EXERCISE: If a record contains a picture, leave the picture out and reproduce everything else exactly.

GIVEN DATA:
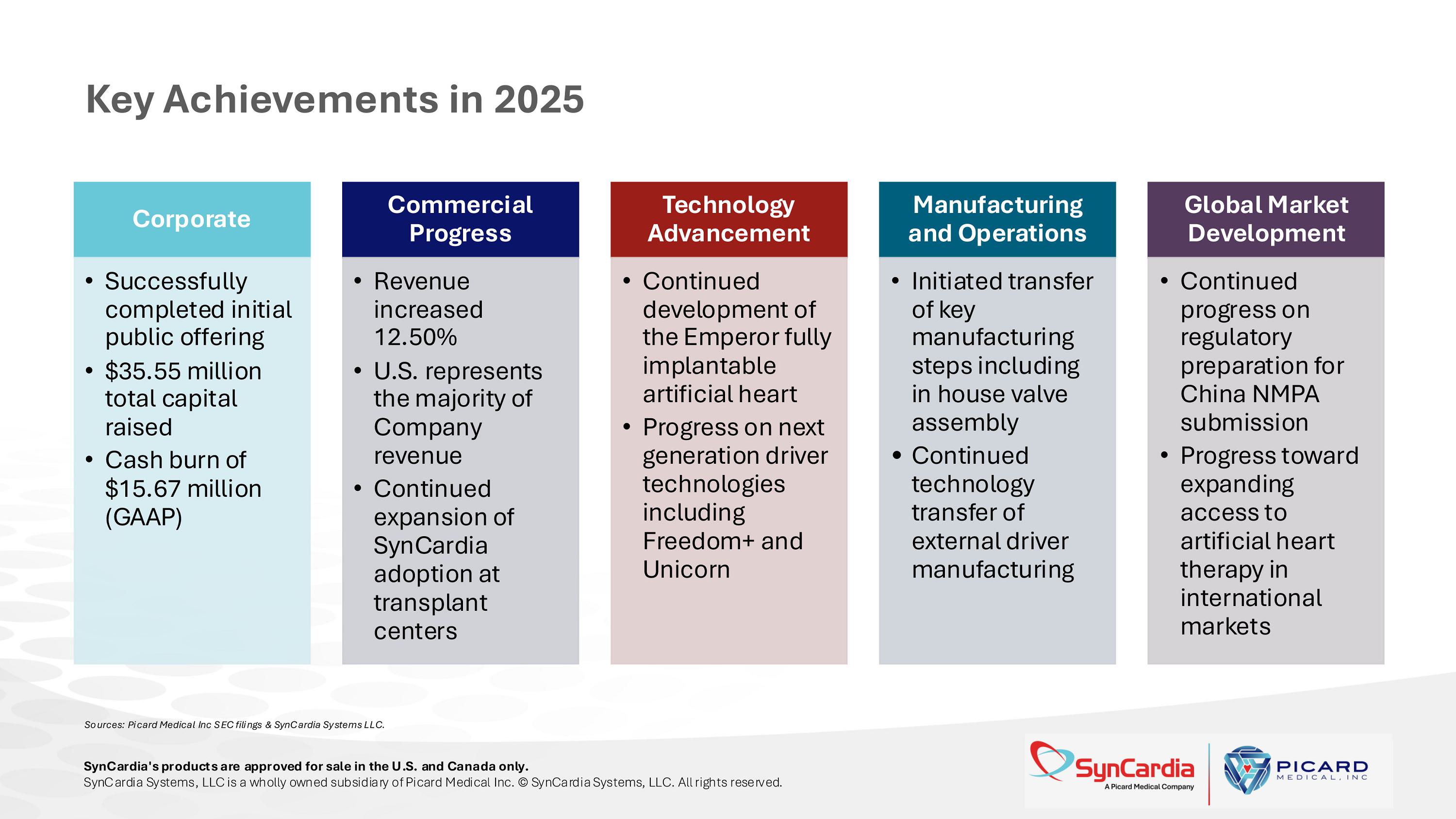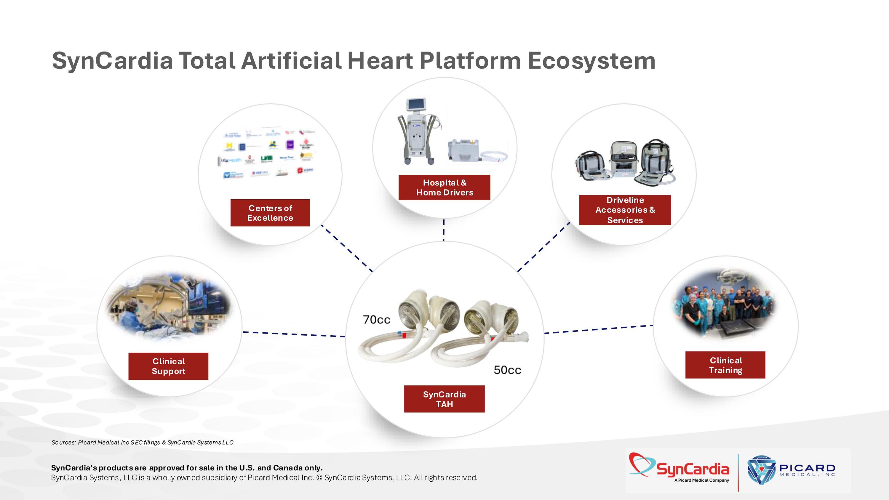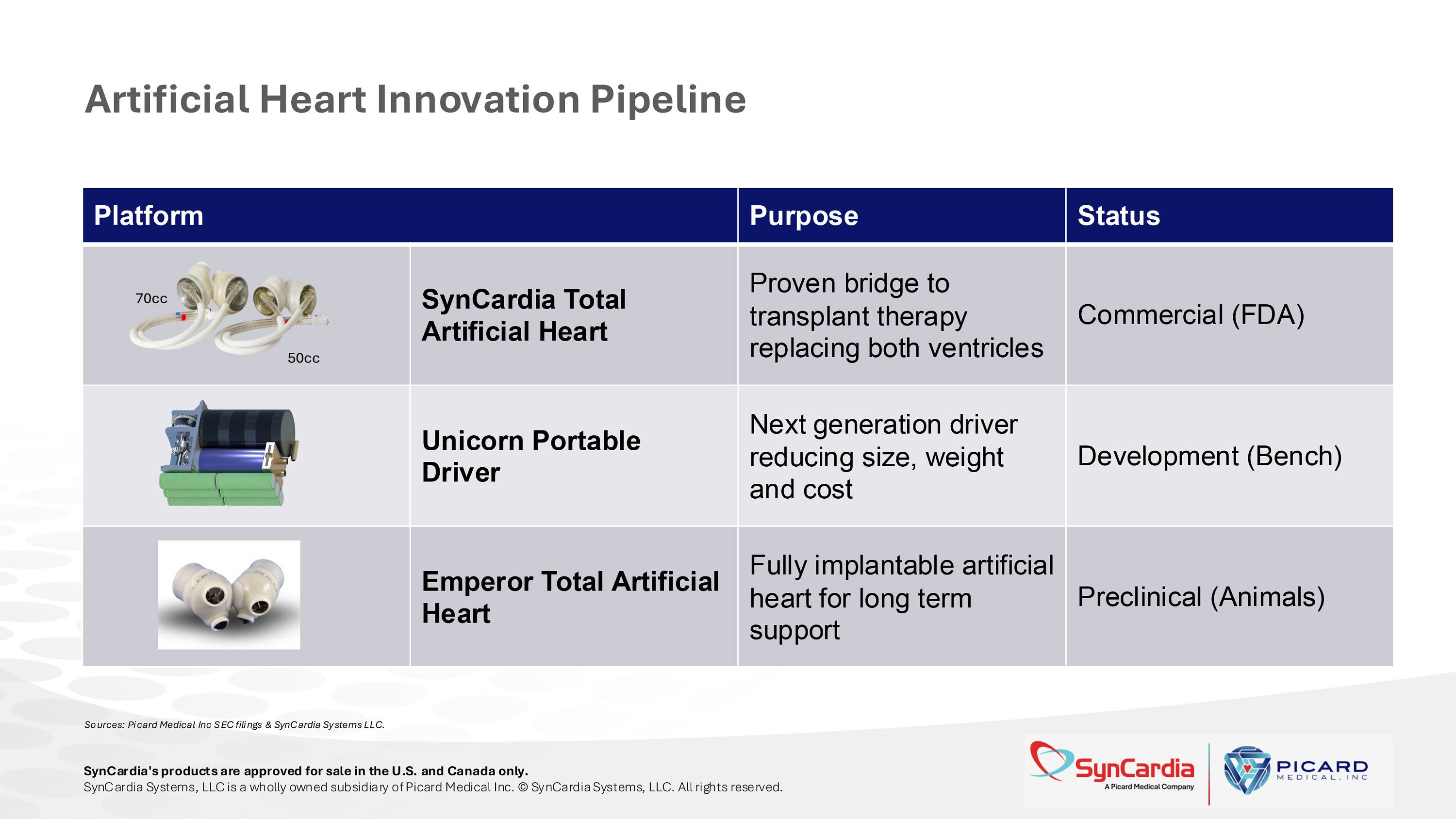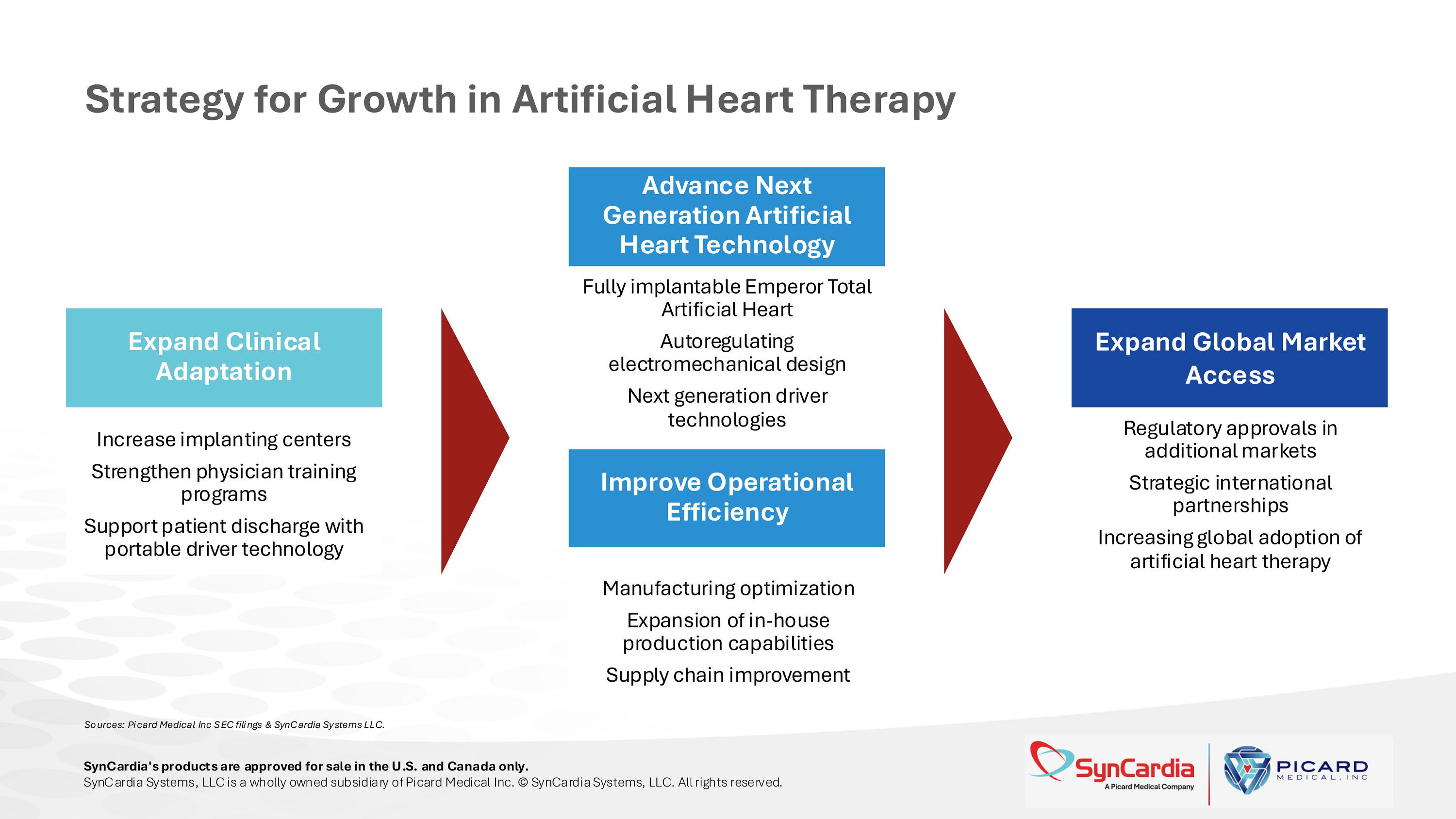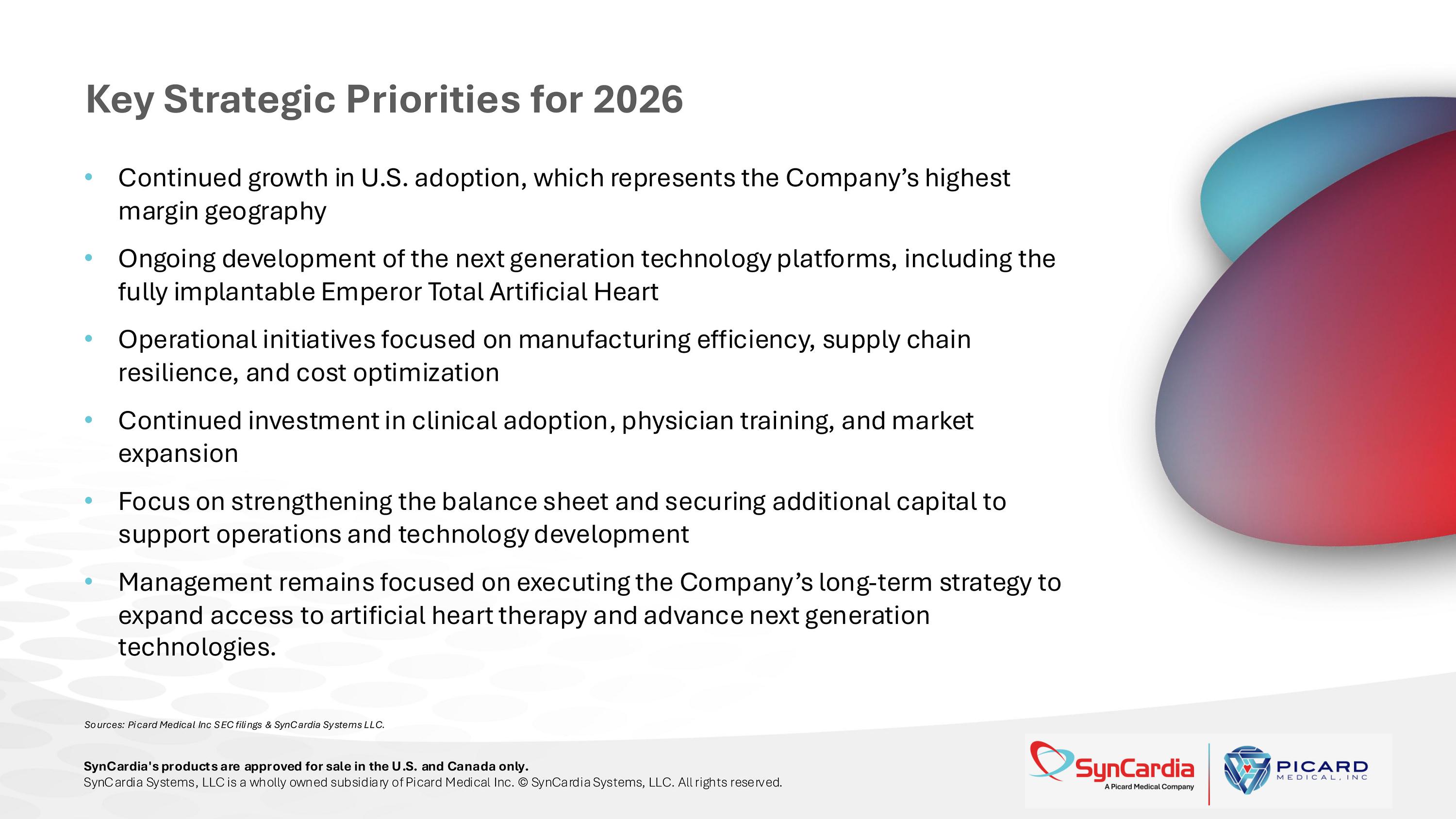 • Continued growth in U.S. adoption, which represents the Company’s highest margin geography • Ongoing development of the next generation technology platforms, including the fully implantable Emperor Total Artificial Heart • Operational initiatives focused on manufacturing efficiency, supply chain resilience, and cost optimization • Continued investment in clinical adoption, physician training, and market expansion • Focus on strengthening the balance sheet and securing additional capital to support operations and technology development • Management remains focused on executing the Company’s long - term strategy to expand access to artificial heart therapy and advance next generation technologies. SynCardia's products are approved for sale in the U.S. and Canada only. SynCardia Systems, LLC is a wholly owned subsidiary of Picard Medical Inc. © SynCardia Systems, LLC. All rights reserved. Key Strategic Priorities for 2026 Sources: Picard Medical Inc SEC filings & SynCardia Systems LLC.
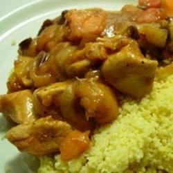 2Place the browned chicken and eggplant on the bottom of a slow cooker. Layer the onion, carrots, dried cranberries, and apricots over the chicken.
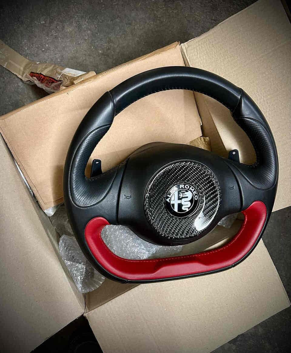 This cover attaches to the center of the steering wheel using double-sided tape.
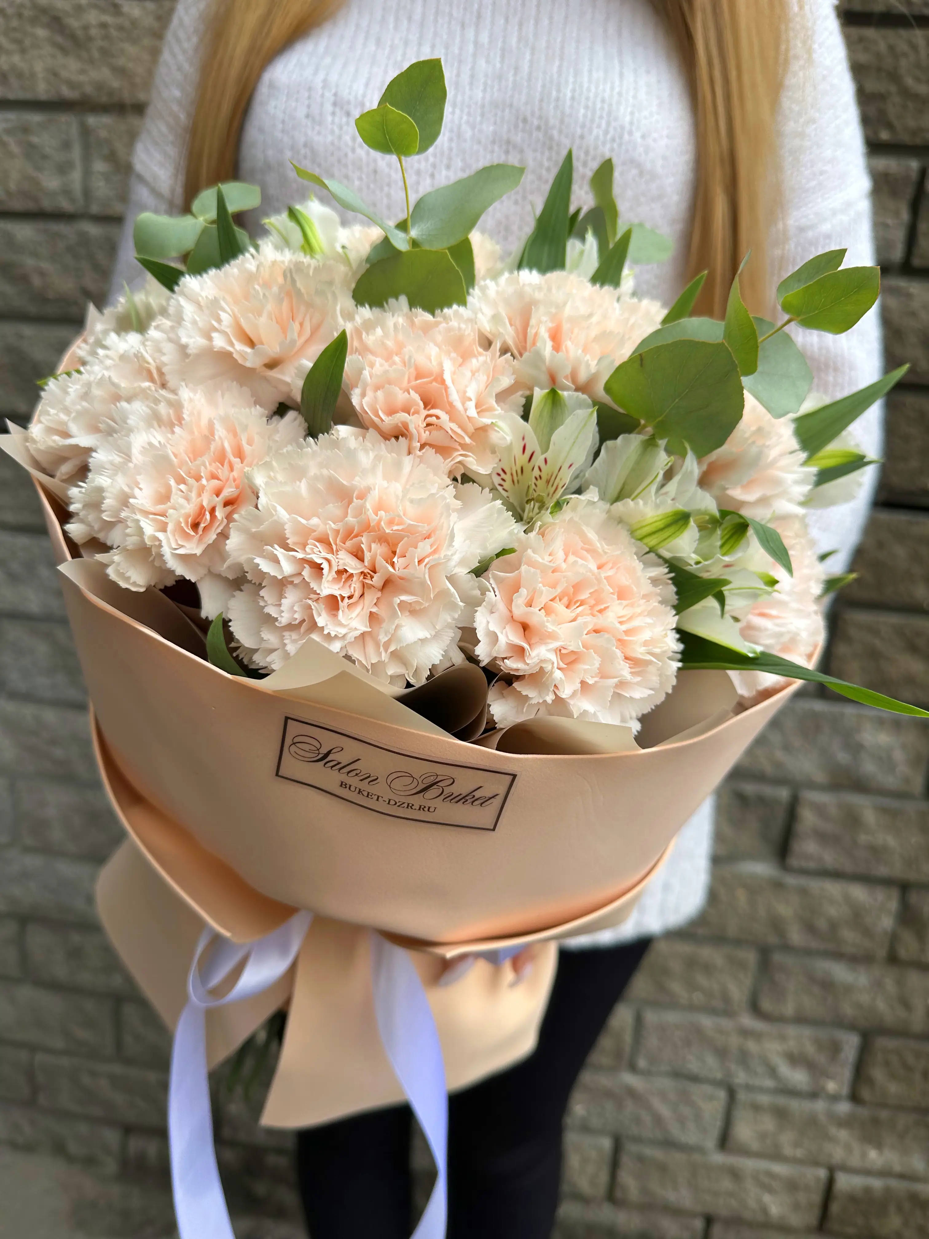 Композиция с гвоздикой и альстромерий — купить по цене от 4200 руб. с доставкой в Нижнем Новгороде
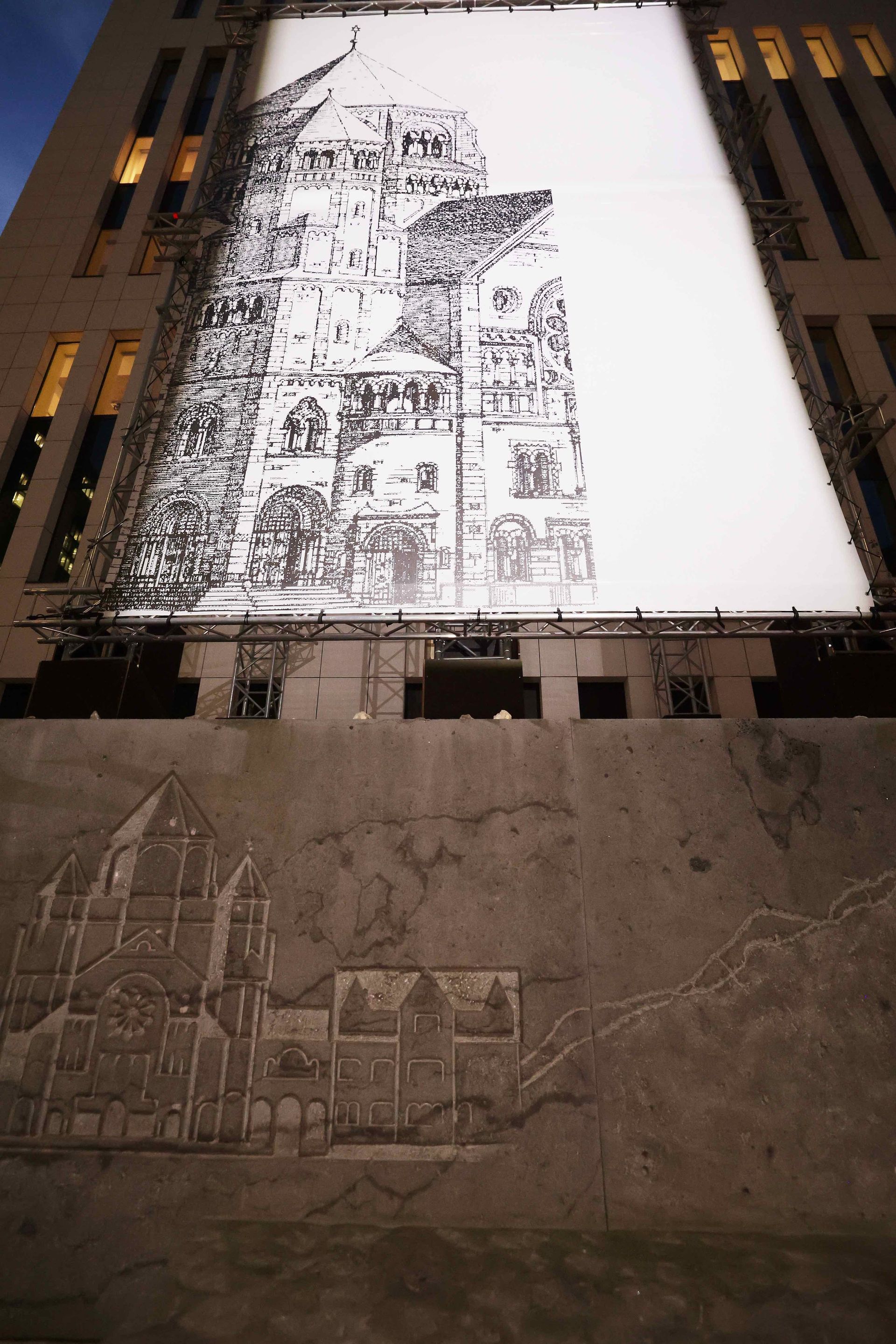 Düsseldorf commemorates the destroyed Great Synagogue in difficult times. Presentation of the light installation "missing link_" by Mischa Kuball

COMPLETED TASK:
 • Continued growth in U.S. adoption, which represents the Company’s highest margin geography • Ongoing development of the next generation technology platforms, including the fully implantable Emperor Total Artificial Heart • Operational initiatives focused on manufacturing efficiency, supply chain resilience, and cost optimization • Continued investment in clinical adoption, physician training, and market expansion • Focus on strengthening the balance sheet and securing additional capital to support operations and technology development • Management remains focused on executing the Company’s long - term strategy to expand access to artificial heart therapy and advance next generation technologies. SynCardia's products are approved for sale in the U.S. and Canada only. SynCardia Systems, LLC is a wholly owned subsidiary of Picard Medical Inc. © SynCardia Systems, LLC. All rights reserved. Key Strategic Priorities for 2026 Sources: Picard Medical Inc SEC filings & SynCardia Systems LLC.
 2Place the browned chicken and eggplant on the bottom of a slow cooker. Layer the onion, carrots, dried cranberries, and apricots over the chicken.
 This cover attaches to the center of the steering wheel using double-sided tape.
 Композиция с гвоздикой и альстромерий — купить по цене от 4200 руб. с доставкой в Нижнем Новгороде
 Düsseldorf commemorates the destroyed Great Synagogue in difficult times. Presentation of the light installation "missing link_" by Mischa Kuball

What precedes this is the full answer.